У людей, знавших его поверхностно, и даже у многих из тех, кто тесно с ним общался годы и годы, Мережковский чаще всего вызывал антипатию, порой — откровенную неприязнь, которая чувствуется, несмотря на почтительную оценку дарований и заслуг мыслителя, никогда не страдавшего низкой самооценкой. Прочитав в 1911 году «Александра I», лучший из его исторических романов, Блок записывает в дневнике: «Брезгливый, рассудочный, недобрый» автор, «а тревожит… красота местами неслыханная». Философские построения и пророчества этого автора не убеждают Блока, и не оттого, что он их находит некорректными, а по причине постоянно чувствующейся рассудочности: сплошное умствование, ни грана живого чувства. Это Блок подмечал у Мережковского и раньше («говорит: „Гряди Господи“, как будто: „Зина, нет ли молока?“»). И вообще «нельзя так вопить о том, о чем непременно понижается голос».

В эмиграции заметно усилились и приверженность к сухому теоретизированию, и сознание своей исключительности, а отзывы о Мережковском — за немногими исключениями — стали еще более ироничными, часто и насмешливыми. Бунина поражает абсолютная уверенность Дмитрия Сергеевича относительно того, что его ждет за гробом, — там его душа будет вместе с Лермонтовым, — и в дневниках появляется запись: «У него плохой характер». Это 1921 год, впоследствии бунинские отзывы станут намного более жесткими, да и от высокоумных бесед за чайным столом по воскресеньям он начнет уклоняться, не скрывая, что ему глубоко неприятен весь этот тон и стиль.
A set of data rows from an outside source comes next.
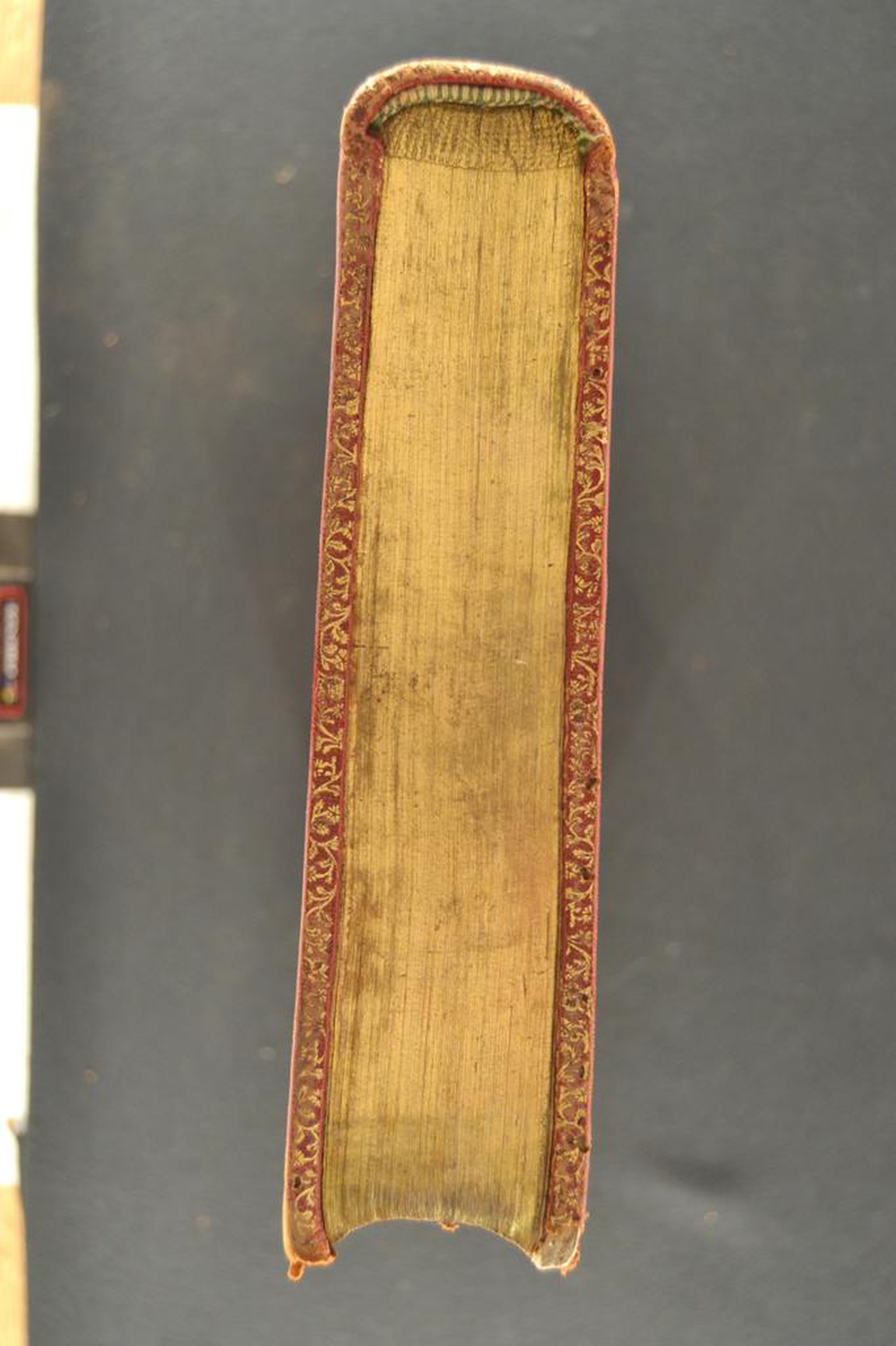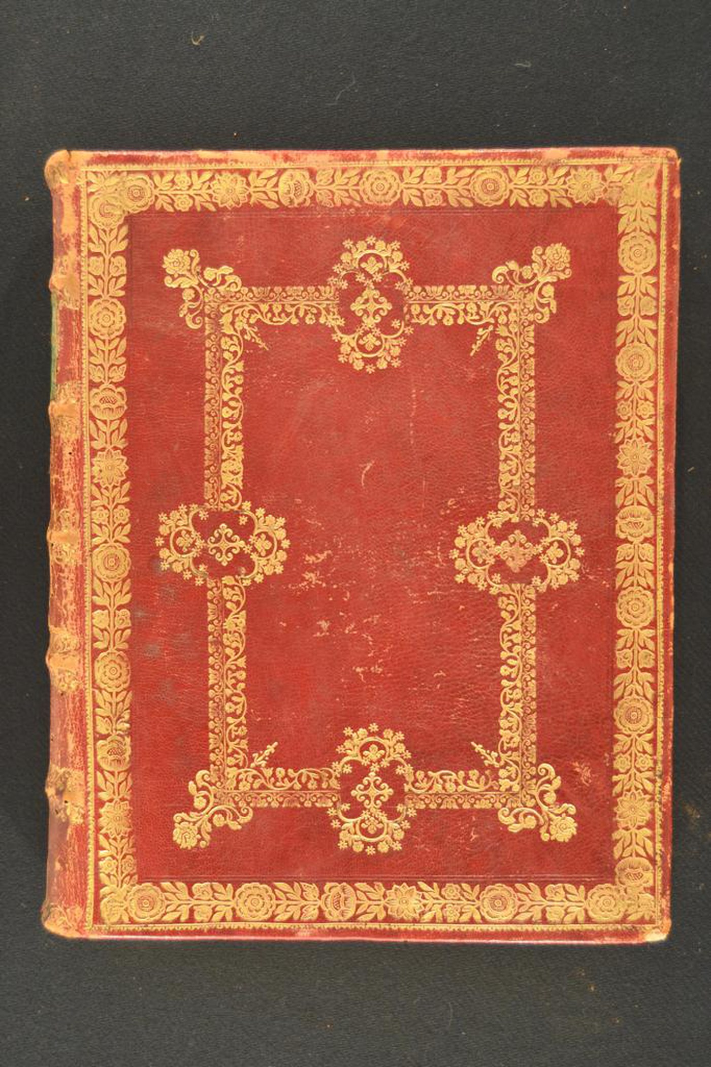 Cuoio di capra rosso su quadranti in cartone decorato in oro. Coppia di cornici concentriche provviste di fiorami e fogliami. Nel secondo scompartimento del dorso, il cognome dell’autore e il titolo dell’opera entro il tassello in corame verde; fiorame in quelli residui. Capitelli muniti di anima circolare avvolta da fili in seta bianca e verde. Cucitura su cinque nervi rilevati. Indorsatura non osservabile. Labbri ornati con fiorami e fogliami. Rimbocchi discretamente rifilati. Carte di guardia bianche. Contropiatti rivestiti da foglio in carta goffrata a raffigurare fogliami, fiorami e grappoli d’uva bianchi su sfondo dorato. Tagli dorati brillanti incisi. Stato di conservazione: discreto. Marginali spellature al materiale di copertura.
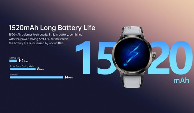 AMOLED MIPI Screen 4G Smart Watch with 750mAh Battery Capacity and Google Suite
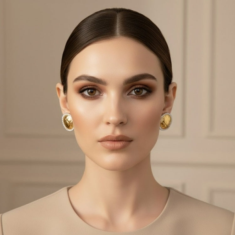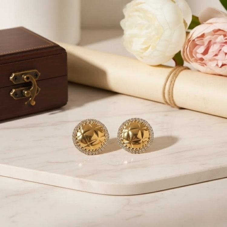 Add a touch of elegance to your jewelry collection with these stunning gold tone stud earrings adorned with sparkling diamonds. Crafted from durable stainless steel and finished with luxurious 18Kt gold plating, these earrings offer both style and longevity. Their classic design makes them perfect for any occasion, whether you're dressing up for a night out or adding a hint of glamour to your everyday look. Treat yourself or surprise a loved one with this timeless accessory that shines bright with every wear.
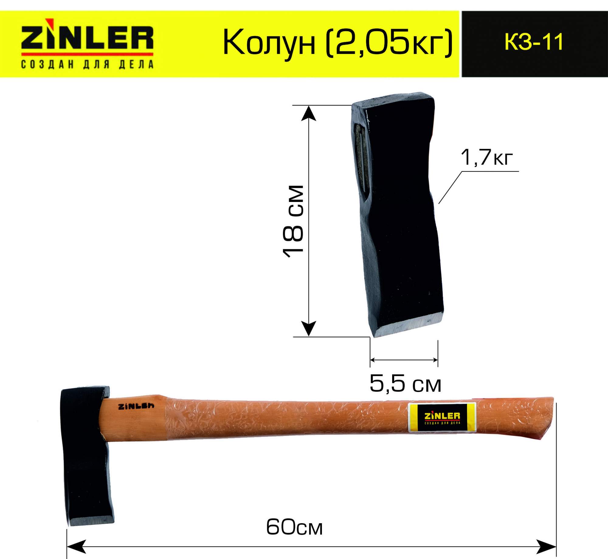 Колун ZINLER 1,7 кг в сборе (общий вес 2,05 кг)

Вера Бунина перепишет в их совместный с Иваном Алексеевичем дневник письмо от старого литературного знакомца Амфитеатрова, который прочел только что изданную в Белграде книгу Мережковского «Иисус Неизвестный», в глазах автора главный труд его жизни: «Тщетно искал в нем хотя бы одной новой мысли, а тем более „нового слова“. Сплошной монтаж (в старину плагиатом звали) вперемежку с кимвалом, пусто гремящим». Никаких возражений или уточнений со стороны Бунина не последует, он, скорее всего, даже и не открыл или не осилил этот монументальный том. К 1932 году, когда книга появилась из печати, их отношения с Мережковским испорчены непоправимо. Мережковский ждет Нобелевской премии, не допуская мысли, что у него может оказаться достойный русский соперник. Когда выбор падет на Бунина, Мережковский этого не простит: ни шведским академикам, ни лауреату.

Молодые, которых в квартире на Колонель Бонне подвергают пристрастному суду (один из них сравнил этот салон с крепостным театром, где нечего ожидать «целомудрия, чести, благородства»), обычно относятся к воскресным чаепитиям как к нудной обязанности, выполняемой исключительно из-за риска непослушанием погубить свою литературную репутацию. И, отдав необходимую дань, направляются в кафе по соседству, чтобы отвести душу в злословии. А ведь для Мережковских такие смотры чрезвычайно важны. Испытывается на верность их убеждение, что в совдепии молодое поколение в массе своей погублено из-за отсутствия свободы и, хотя «надеждой не руководит география», все-таки будущая вольная Россия создается не теми, «из кого уже вынута душа или исковеркана», а непогубленным эмигрантским поколением нынешних двадцатилетних. Гиппиус страстно это доказывала в своей нашумевшей статье 1926 года «Мальчики и девочки», противопоставляя зарубежную «раннюю молодежь, полудетей, людей послезавтрашних» тем бесплеменным детенышам, «что ныне завелись под СССРским владычеством», равно как «старым и лысым», во всем изверившимся парижанам, которые некогда с гордостью относили себя к российской «передовой интеллигенции». На воскресеньях нередко возникает и эта тема. «Полудети» вежливо слушают, не вступают в полемику, но мыслят по-своему, не так, как желалось бы наставникам.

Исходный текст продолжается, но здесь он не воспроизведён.